Question

Find the least number by which \[200\] must be multiplied to make it a perfect square.

Answer 1

Hint: A perfect square is a number which has all its prime factors in pairs. We will divide $200$ by the smallest prime number. We will use the same approach to calculate it further. A prime factor is a factor of the given number which is a prime number also.

Complete step by step answer:
(1) Given number is\[200\]
Making prime factors of\[200\].

 Or \[200=2\times 2\times 2\times 5\times 5\]
(2) Writing in pair
\[200=2\times 2\times 5\times 5\times 2\]
(3) In the above step, we see that there is only one number $2$ which does not have its pair.
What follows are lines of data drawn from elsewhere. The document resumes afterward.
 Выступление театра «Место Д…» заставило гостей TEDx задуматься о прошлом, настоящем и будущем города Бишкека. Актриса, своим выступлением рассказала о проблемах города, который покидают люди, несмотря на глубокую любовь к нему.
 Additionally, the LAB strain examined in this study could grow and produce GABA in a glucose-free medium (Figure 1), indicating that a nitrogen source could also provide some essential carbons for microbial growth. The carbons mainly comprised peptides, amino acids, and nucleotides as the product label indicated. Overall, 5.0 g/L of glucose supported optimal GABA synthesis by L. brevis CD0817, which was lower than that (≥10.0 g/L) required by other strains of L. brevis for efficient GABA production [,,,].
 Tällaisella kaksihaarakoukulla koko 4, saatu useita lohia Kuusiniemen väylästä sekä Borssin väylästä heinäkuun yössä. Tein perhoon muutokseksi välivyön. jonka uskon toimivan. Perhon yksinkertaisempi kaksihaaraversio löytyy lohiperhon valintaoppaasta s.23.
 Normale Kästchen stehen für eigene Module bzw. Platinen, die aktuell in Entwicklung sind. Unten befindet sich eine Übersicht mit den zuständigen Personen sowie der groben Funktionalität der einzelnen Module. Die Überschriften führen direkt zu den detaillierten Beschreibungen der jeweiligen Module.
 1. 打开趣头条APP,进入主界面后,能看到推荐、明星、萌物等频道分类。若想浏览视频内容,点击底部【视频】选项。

We can see that other numbers such as 5 and other 2 have pairs.
Therefore, we can say that \[200\] is not a perfect square number.
(4) Now to make \[200\], a perfect square number, we need to multiply 200 in such a manner that it completes its pair which is not other than $2$.
(5) Therefore by multiplying \[200\] by $2$, we get the following prime factors \[2\times 2\times 5\times 5\times 2\times 2\]
(6) We see all the prime factors \[200\] are now in pairs.
Therefore, multiplying \[200\] by \[2,\,200\] becomes $400$ is a perfect square.
(7) Therefore, the least number we require to make \[200\] a perfect square is $2$. The perfect square is $400$.

Note: A square number or perfect square is an integer that is a square of an integer; in other words, it is the product of some integer with itself. Taking the square root of a perfect square always gives us an integer.